Your output should be the lines below from the one holding "без мешка |" through the one holding "Toto poutko slouží", transcribed exactly, with no pictures.
____ Data in this exercise
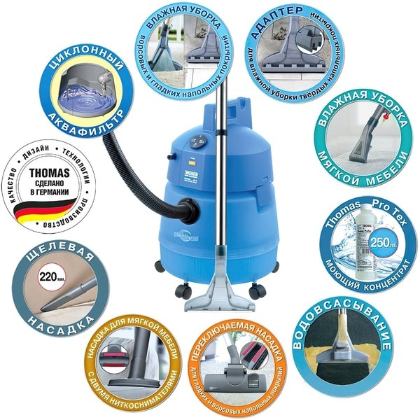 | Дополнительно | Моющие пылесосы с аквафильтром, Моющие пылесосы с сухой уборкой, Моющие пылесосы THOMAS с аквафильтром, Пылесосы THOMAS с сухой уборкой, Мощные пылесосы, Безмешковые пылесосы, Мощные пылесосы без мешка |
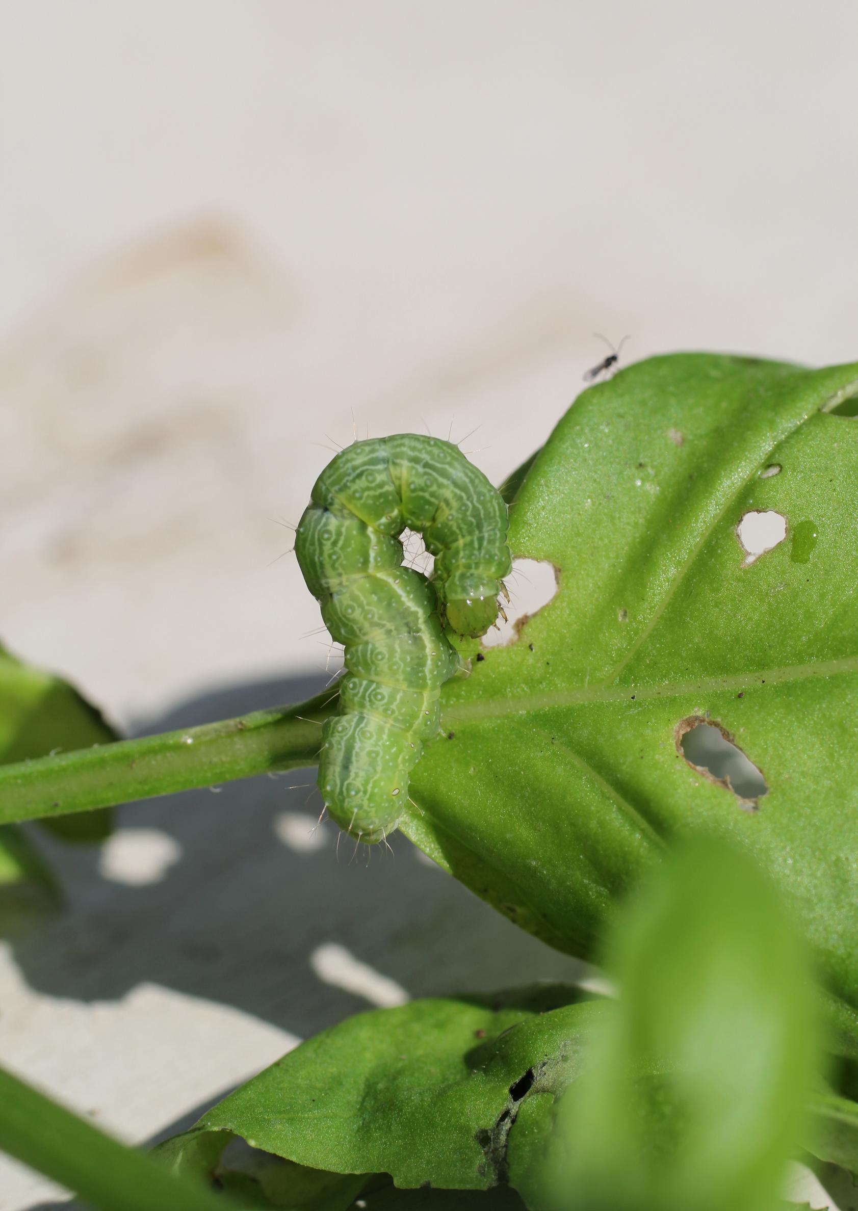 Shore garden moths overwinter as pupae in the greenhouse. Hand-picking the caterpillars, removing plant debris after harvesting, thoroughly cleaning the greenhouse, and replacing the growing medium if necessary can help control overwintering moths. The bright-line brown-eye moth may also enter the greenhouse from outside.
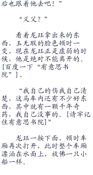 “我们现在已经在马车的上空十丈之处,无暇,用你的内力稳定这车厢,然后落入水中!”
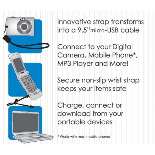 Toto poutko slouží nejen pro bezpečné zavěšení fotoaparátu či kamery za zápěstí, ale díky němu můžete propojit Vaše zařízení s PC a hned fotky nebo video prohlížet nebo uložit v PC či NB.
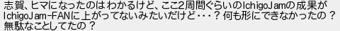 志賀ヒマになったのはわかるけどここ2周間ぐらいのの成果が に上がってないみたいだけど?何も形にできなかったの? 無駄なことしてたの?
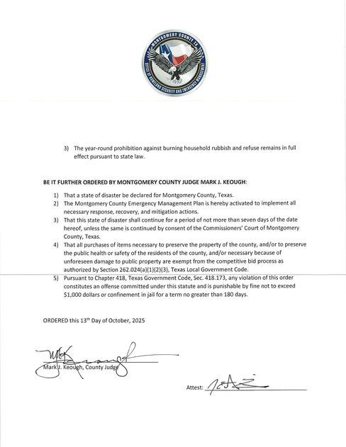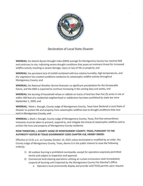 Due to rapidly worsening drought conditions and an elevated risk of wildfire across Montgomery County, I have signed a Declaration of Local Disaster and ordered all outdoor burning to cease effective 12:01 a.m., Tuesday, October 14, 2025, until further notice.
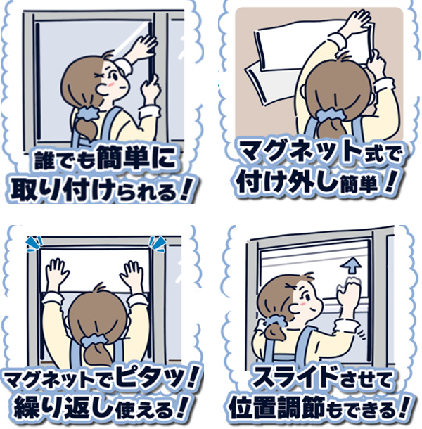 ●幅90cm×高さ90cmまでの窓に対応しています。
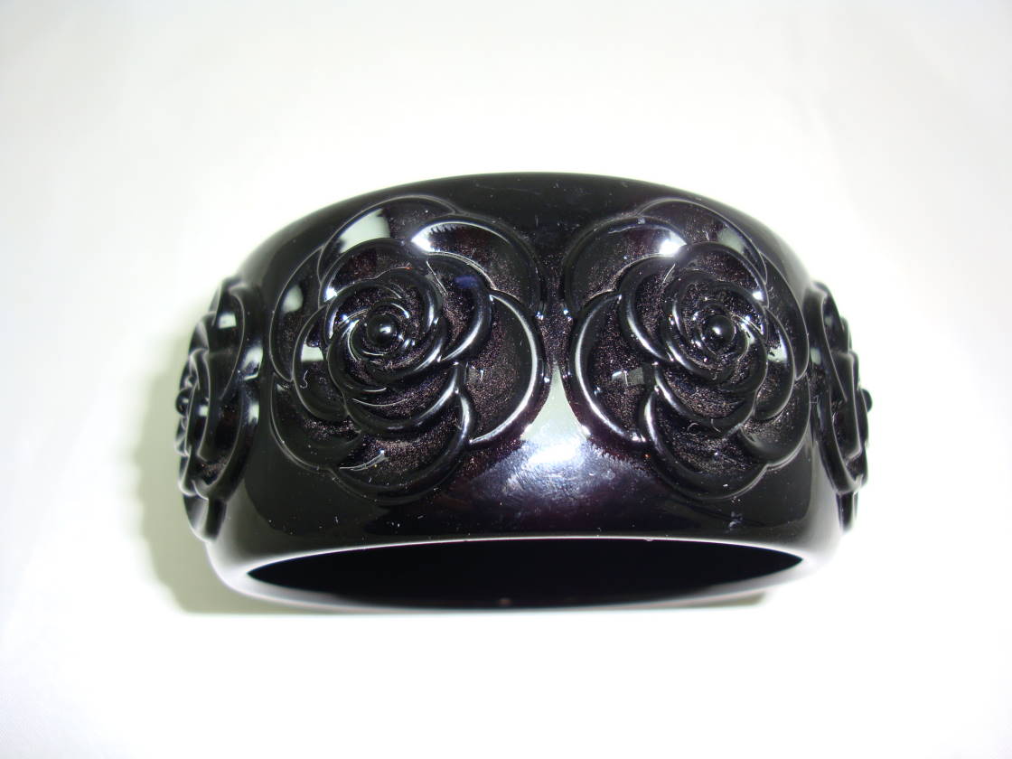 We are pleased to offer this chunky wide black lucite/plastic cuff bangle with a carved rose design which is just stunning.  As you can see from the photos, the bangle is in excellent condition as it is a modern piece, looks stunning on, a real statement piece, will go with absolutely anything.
________
____ Data in this exercise
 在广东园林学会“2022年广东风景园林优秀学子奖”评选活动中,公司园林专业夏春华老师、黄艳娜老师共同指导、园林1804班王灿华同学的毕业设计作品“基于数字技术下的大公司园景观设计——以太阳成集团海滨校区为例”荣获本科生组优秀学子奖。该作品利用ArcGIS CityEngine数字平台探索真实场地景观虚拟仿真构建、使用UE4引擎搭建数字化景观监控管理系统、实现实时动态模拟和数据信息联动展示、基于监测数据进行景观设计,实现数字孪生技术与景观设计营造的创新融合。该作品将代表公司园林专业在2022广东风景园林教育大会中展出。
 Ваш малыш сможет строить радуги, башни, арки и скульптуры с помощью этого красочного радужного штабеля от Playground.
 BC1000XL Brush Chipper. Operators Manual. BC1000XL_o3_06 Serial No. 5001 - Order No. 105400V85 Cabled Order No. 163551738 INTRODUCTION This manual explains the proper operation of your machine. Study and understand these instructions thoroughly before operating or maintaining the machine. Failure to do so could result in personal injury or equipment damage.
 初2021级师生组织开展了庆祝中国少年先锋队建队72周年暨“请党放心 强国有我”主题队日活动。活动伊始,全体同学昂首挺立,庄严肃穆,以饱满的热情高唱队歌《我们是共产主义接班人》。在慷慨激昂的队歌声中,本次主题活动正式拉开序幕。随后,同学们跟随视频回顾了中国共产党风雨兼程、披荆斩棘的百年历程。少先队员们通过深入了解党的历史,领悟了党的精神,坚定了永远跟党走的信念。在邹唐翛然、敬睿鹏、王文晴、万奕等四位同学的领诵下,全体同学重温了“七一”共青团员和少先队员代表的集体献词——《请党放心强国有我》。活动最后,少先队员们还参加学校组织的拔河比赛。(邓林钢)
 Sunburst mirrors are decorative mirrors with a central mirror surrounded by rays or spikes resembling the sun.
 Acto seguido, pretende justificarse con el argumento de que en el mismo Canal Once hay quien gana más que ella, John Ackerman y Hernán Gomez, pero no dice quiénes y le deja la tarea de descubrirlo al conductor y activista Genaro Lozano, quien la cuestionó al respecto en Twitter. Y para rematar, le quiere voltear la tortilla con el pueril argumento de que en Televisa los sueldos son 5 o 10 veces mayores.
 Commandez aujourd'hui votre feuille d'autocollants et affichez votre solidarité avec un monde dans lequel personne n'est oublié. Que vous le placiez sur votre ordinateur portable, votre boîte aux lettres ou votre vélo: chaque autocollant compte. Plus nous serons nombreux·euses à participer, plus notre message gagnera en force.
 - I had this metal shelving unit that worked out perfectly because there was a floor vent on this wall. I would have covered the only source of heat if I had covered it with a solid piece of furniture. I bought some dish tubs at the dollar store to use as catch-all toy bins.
________
____ Data in this exercise
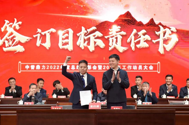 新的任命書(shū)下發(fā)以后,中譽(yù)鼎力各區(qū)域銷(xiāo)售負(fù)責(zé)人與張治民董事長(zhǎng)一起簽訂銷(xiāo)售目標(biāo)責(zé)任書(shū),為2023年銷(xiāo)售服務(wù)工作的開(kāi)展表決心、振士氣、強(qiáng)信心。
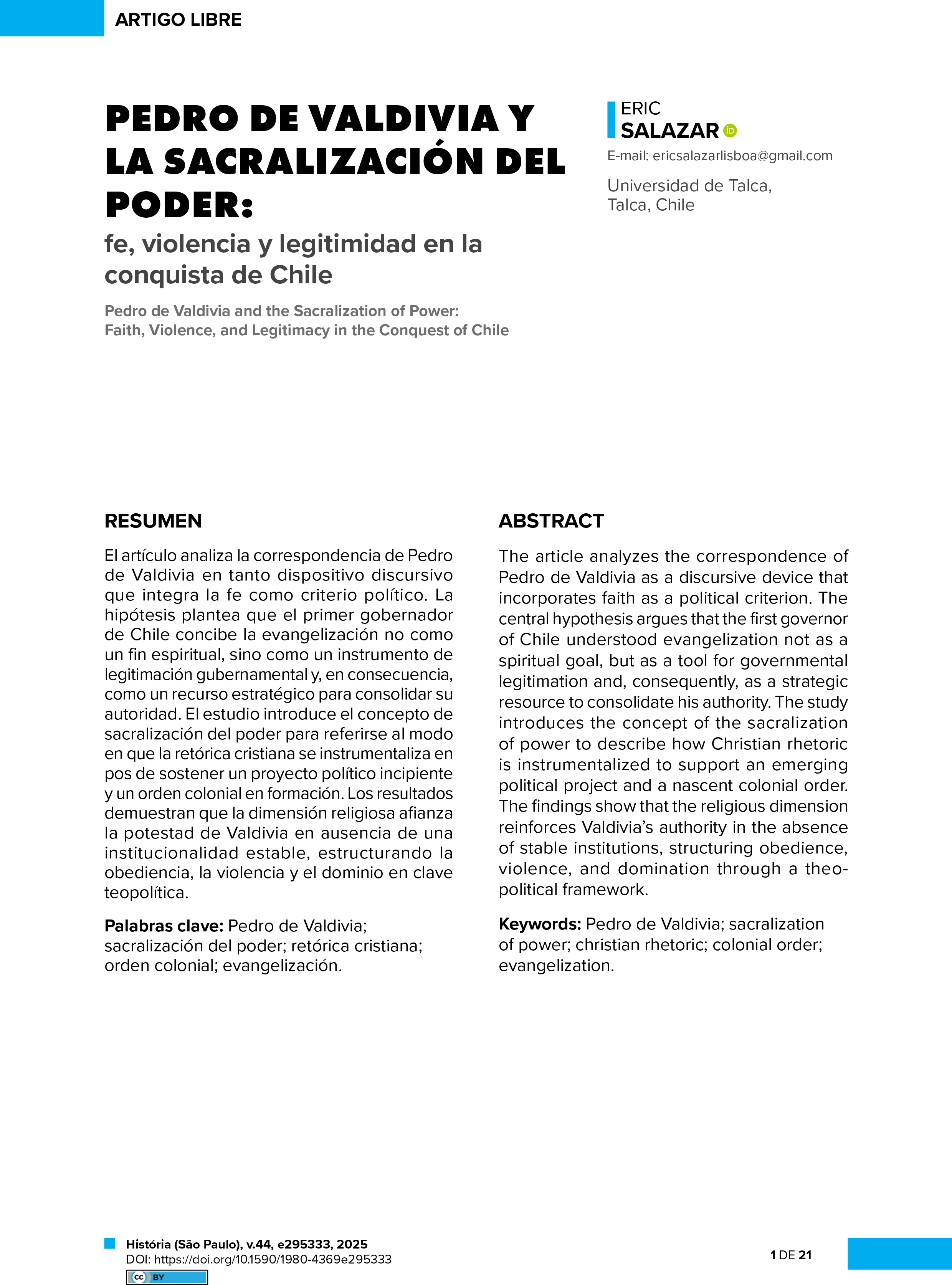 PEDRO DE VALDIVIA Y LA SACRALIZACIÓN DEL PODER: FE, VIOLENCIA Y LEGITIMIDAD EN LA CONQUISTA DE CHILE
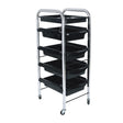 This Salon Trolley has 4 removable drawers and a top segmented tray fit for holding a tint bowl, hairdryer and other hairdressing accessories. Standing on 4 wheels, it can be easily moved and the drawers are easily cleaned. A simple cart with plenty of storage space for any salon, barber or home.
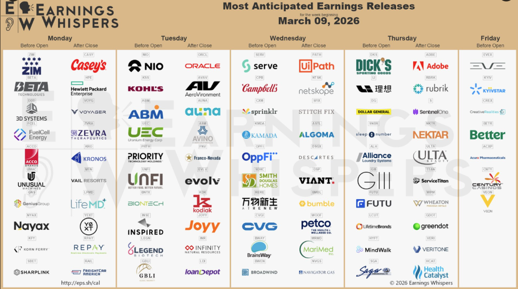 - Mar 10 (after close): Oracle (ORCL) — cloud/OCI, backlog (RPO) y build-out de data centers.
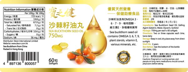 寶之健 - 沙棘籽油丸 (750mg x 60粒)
________
● **Task response**
 | Дополнительно | Моющие пылесосы с аквафильтром, Моющие пылесосы с сухой уборкой, Моющие пылесосы THOMAS с аквафильтром, Пылесосы THOMAS с сухой уборкой, Мощные пылесосы, Безмешковые пылесосы, Мощные пылесосы без мешка |
 Shore garden moths overwinter as pupae in the greenhouse. Hand-picking the caterpillars, removing plant debris after harvesting, thoroughly cleaning the greenhouse, and replacing the growing medium if necessary can help control overwintering moths. The bright-line brown-eye moth may also enter the greenhouse from outside.
 “我们现在已经在马车的上空十丈之处,无暇,用你的内力稳定这车厢,然后落入水中!”
 Toto poutko slouží nejen pro bezpečné zavěšení fotoaparátu či kamery za zápěstí, ale díky němu můžete propojit Vaše zařízení s PC a hned fotky nebo video prohlížet nebo uložit v PC či NB.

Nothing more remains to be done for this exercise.